Caterham F1 becomes #drivenbydata thanks to BIPB
As well as sponsoring Caterham F1 team, we’ve been looking at the vast amount of data created during a Grand Prix. These days we are doing more and more work for our clients to help them make sense of unstructured data as well as structured data. This interest in analysing the unstructured data gave us the idea to see if we could spot trends in tweets related to the Caterham F1 team.
By giving over 6500 words a positive or negative weighting we were able to analyse the overall sentiment of each tweet relating to theCaterham F1 team. We’ve then visualised that using Tableau to show the sentiment leading up to and at different points during the race. There are initial peeks in positive tweets at the start of the race when both Caterham’s get off to a flying start ahead of the Red Bull of four time world champion, Sebastian Vettel, his team mate, Daniel Ricardo and the Lotus of Romain Grosjean.

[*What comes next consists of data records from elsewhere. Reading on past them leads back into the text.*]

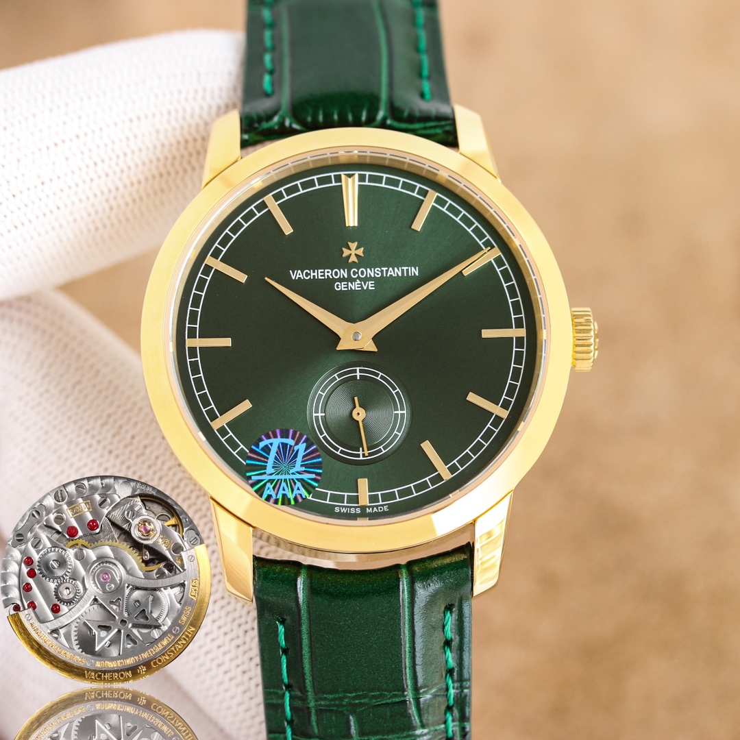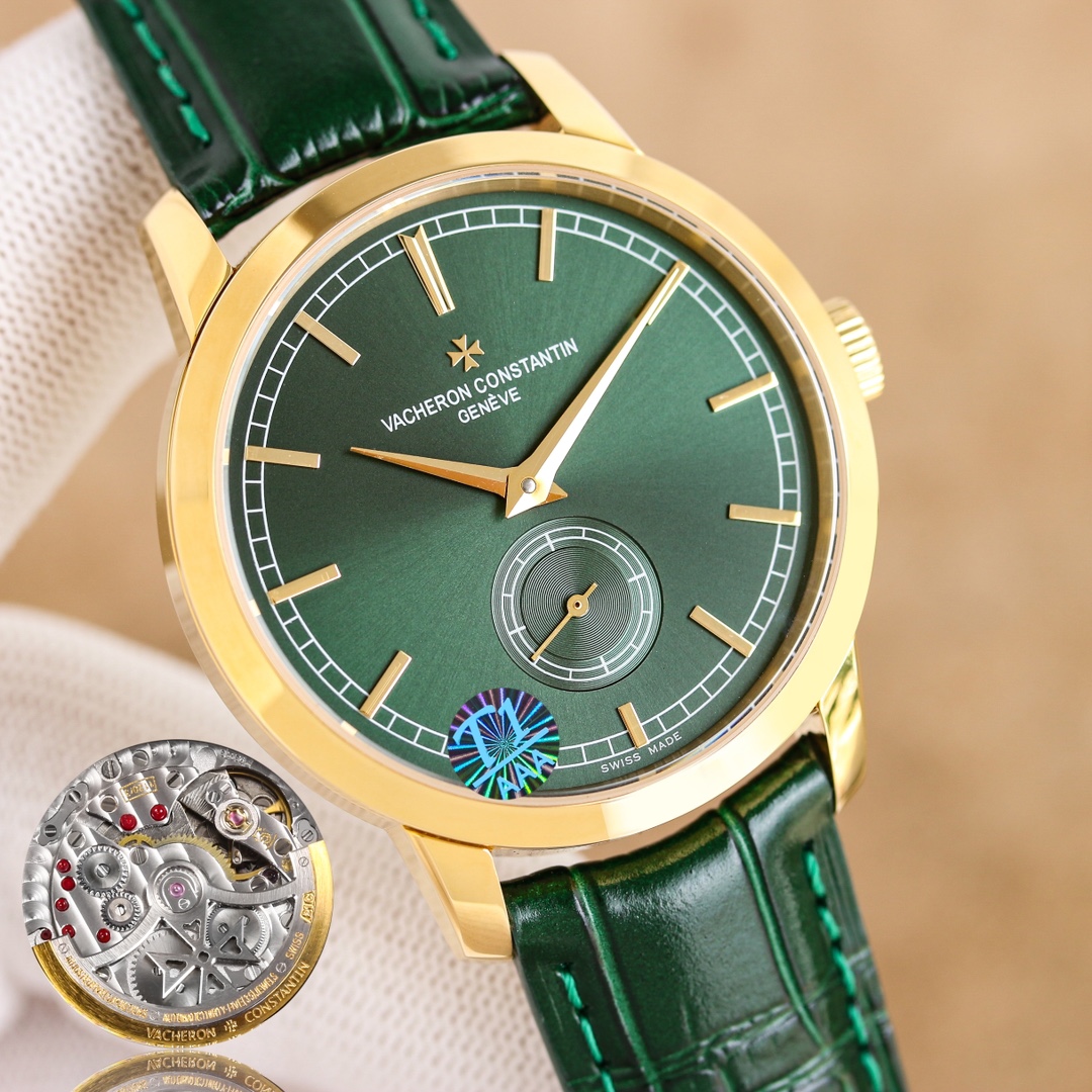 Vacheron Constantin Men's Watch, Green Dial, Gold Case, Leather Band - Elegant Timepiece
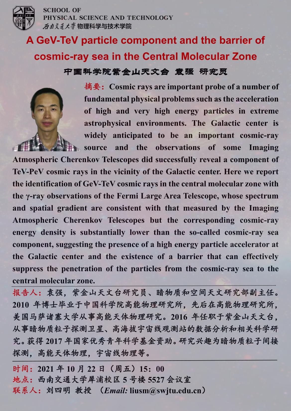 1, 报告题目: A GeV-TeV particle component and the barrier of cosmic-ray sea in the Central Molecular Zone
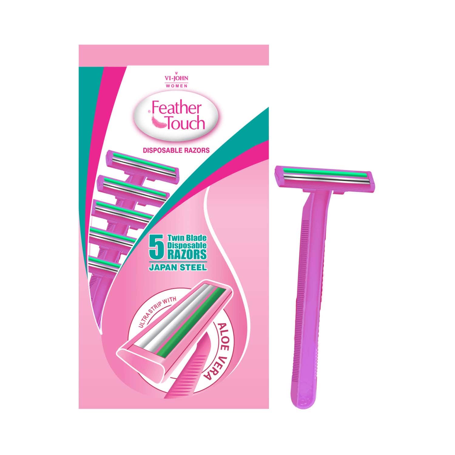 VI-JOHN Feather Touch Twin Blade Shaving Razors with Lubricating Aloe Vera Strip - Pink (5Pcs)
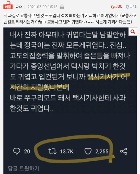 “우리 정구기 술 취해서 헤롱헤롱 한 상태로 코너돌다 자빠진거 왜케 귀여워 ㅠㅠ“ ㅇㅈㄹ 하는 글로 도배했을거 아님
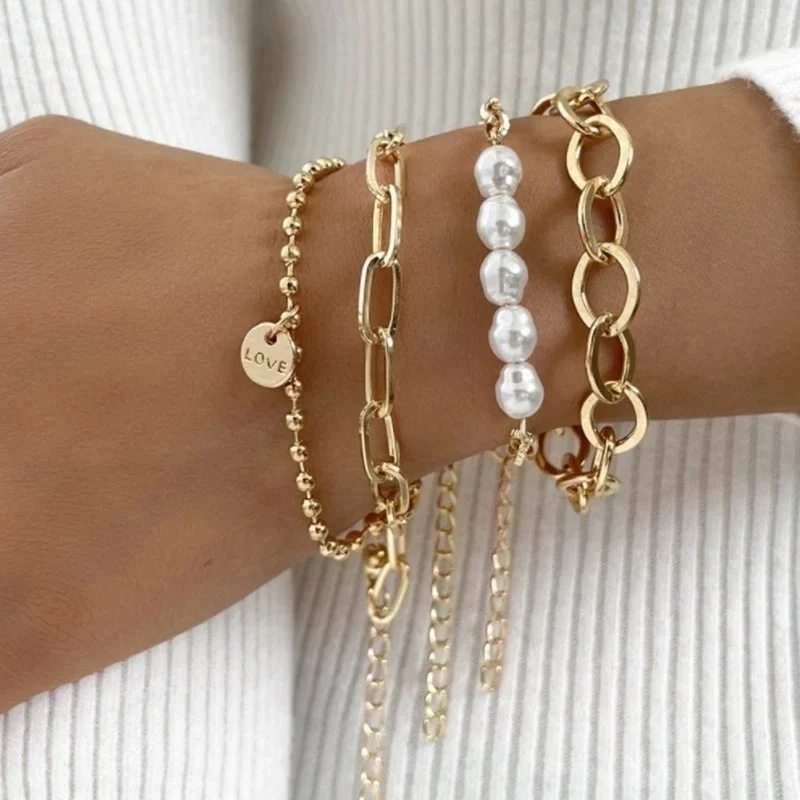 O Conjunto de Pulseiras Elo Dourado LELU é uma composição cheia de charme e personalidade. Com diferentes estilos de elos e detalhes delicados como pérolas e pingente com a palavra “LOVE”, esse conjunto é perfeito para quem ama misturar texturas e expressar sentimentos através da joia.
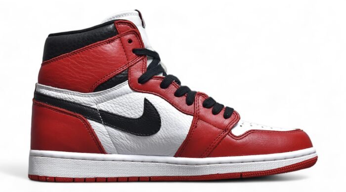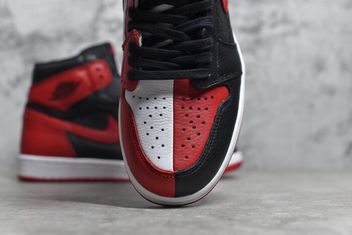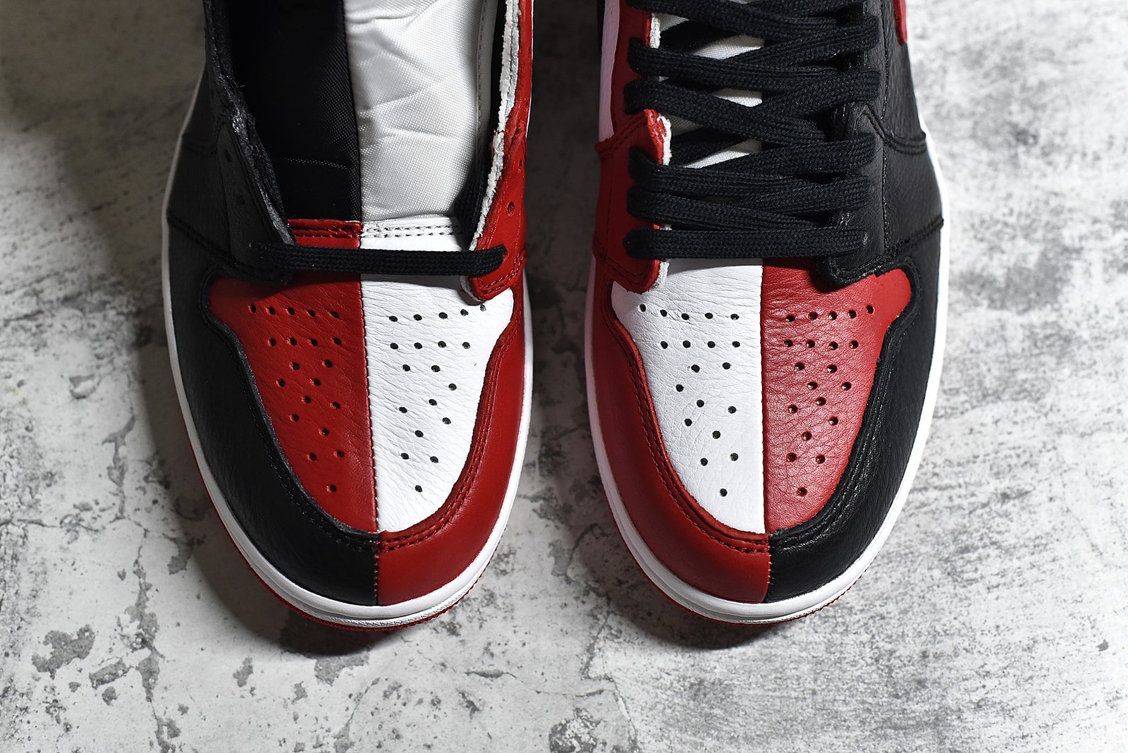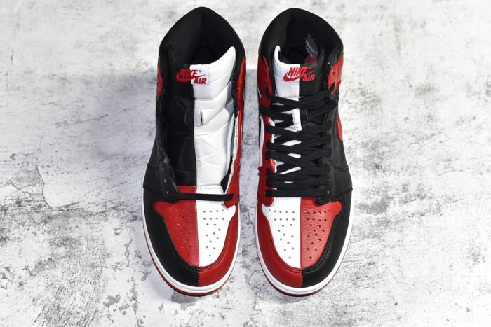 The Air Jordan 1 High Homage to Home Chicago pays tribute to the rich heritage of the iconic Chicago Bulls franchise and the city of Chicago itself. This unique iteration of the classic Jordan silhouette features a split design. combining two of the most iconic colorways associated with the Air Jordan 1: the “Bred” and “Chicago” color schemes. One half of the shoe showcases the familiar black and red colorway of the “Bred” iteration. while the other half features the classic white. black. and red combination of the “Chicago” colorway. This distinctive design is complemented by premium leather construction and the iconic Air Jordan wings logo on the ankle collar. With its bold and eye-catching aesthetic. the Air Jordan 1 High Homage to Home Chicago is a must-have for sneaker enthusiasts and collectors alike.
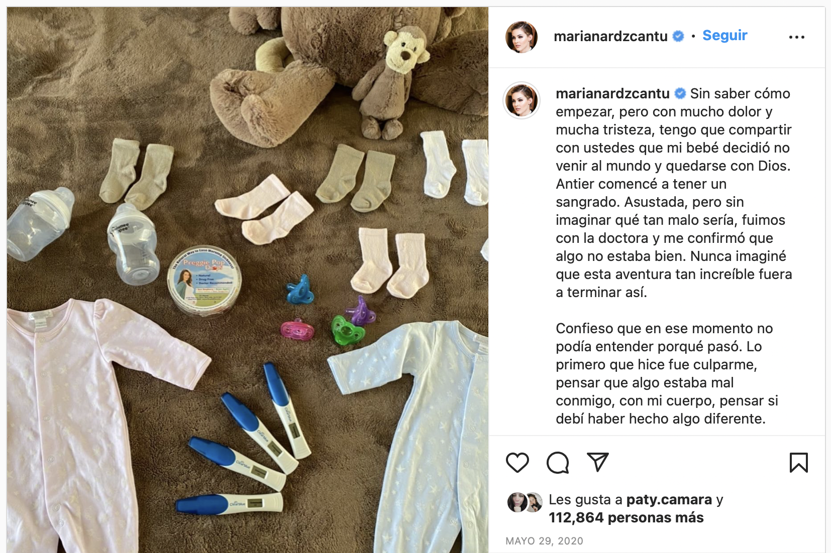 Unas semanas después, Mariana contó una noticia bastante triste. “Sin saber cómo empezar, pero con mucho dolor y mucha tristeza, tengo que compartir con ustedes que mi bebé decidió no venir al mundo y quedarse con Dios”, escribió aquella vez en un emotivo post.
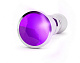 Серебристая фигурная анальная пробка с фиолетовым кристаллом - 14 см.
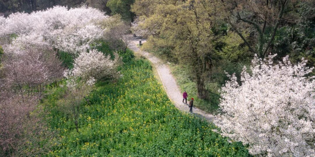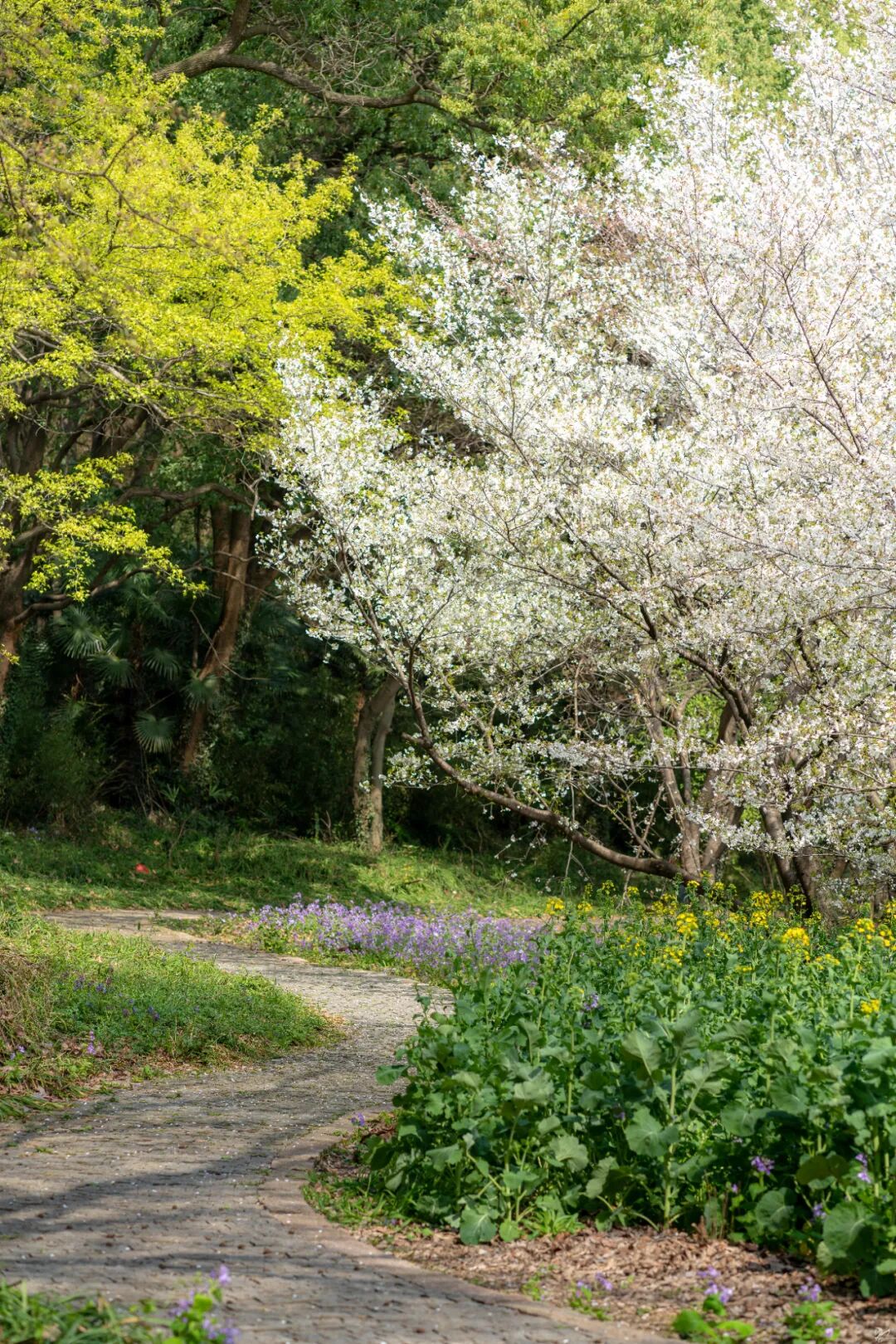 葆光亭位于孔雀园油菜花田附近,四周种植了大量的大岛樱。这里小路蜿蜒,安宁静谧,景色优美,适合闲坐。

There is a peek in both positive and negative sentiment when Ferrari’s Fernando Alonso overtook Caterham rookie Will Stevenson around the first set of pit stops and there is a clear negative peek when Caterham’s Kamui Kobayashi had to retire from the race due to a mechanical issue. Projects like this allow is to test new ideas and sharpen our approach when analysing vast amounts of data. This puts us in a unique position to help our clients make sense of the increasing verity and complexity of data they have access to, to make better data driven decisions.